All Roads lead to Metro Manila | Daily Prompt: From the Collection of the Artist

It’s the year 2113. A major museum is running an exhibition on life and culture as it was in 2013. You’re asked to write an introduction for the show’s brochure. What will it say?

(Admittedly, I’m not as well-versed in most of the world issues so I’ll address the ones found in my country. I hope that is understandable and allowed.)

The Philippines remembers 2013 with such fondness for that was the year of a strange fixation.

We, as a nation, set our sights on thoroughfares, both great and small. While those abroad say that all roads lead to Rome, we Filipinos say that all roads lead to Metro Manila. And that is why—surprise, surprise—we have so much traffic in the capital.

Jog your memory for a while and see if you can remember an organization called Metropolitan Manila Development Authority (MMDA). Their decisions a century ago resulted to what we have now in this same city. But, as this is Metro Manila, it was not just the MMDA who had their way on the highway.

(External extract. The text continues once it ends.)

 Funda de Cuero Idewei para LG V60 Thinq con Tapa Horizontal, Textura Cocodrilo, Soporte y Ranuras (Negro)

Local government units could impose strict laws that could only be implemented in their cities and never be found nor followed elsewhere.

Can you just imagine the chaos then?

People had to live with such terrible hassle and confusion. They had to make sense of the changes in traffic laws that seem to happen overnight. And one of the ways that they employed to do so was to take the trains, which back then was known as the Light Railway Transit (LRT) and the Metro Rail Transit (MRT).

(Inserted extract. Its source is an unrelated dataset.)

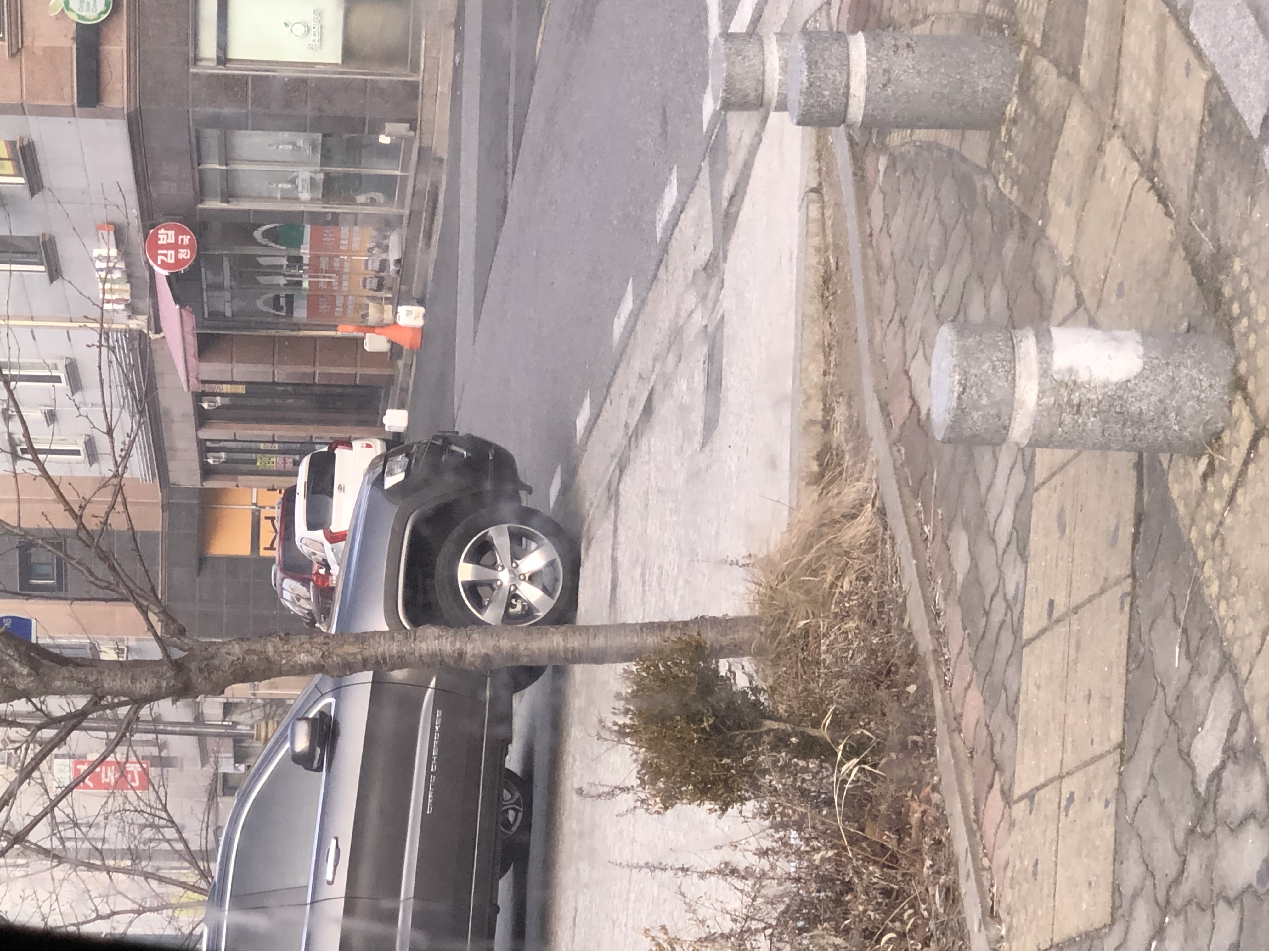 건물에 주차를 한 거니 뭐라할 순 없는데 늘 도로까지 침범해서 주차를 합니다

But with people flocking to elevated train tracks—not to mention cars that were over two decades old by that time—took such a toll on the maintenance that management had to call a fare hike, a move that divided the people in more ways than one.

Such turmoil is reflected in the art of that era. Crowded details, troubled visages, and puzzled Filipinos are just some of the key and familiar elements of the pieces that you would see in this section of the gallery. Recognizable pot holes and legendary traffic hot spots still steal the spotlight. And the deathless Epifanio de los Santos Avenue (EDSA) remains the Mona Lisa of this period.

Also, if you have a keen sense of history, you can spot a figure or two that were crucial to the changes and confusion that beset the people of that year.


9 Comments Add yours

  1. Well done on the prompt!


    1. Mati Serrano says:

      Thank you so much!


  2. mobibrad says:

    while we cannot deny the chaotic city we live in, don’t you think writing an introductory brochure in this tone would put people off?

    or perhaps they might be intrigued to find out more. hmmmm 🙂


    1. Mati Serrano says:

      There is a hint of sarcasm to it.
      I believe that tone could only be removed in two ways: I do not talk about this (like some of our officials) or I deny it all (like the rest of the officials). We’re a fun bunch in the metro, aren’t we?
      That’s why I believe they would never pick this entry. Bad for the art. I strike too close for comfort.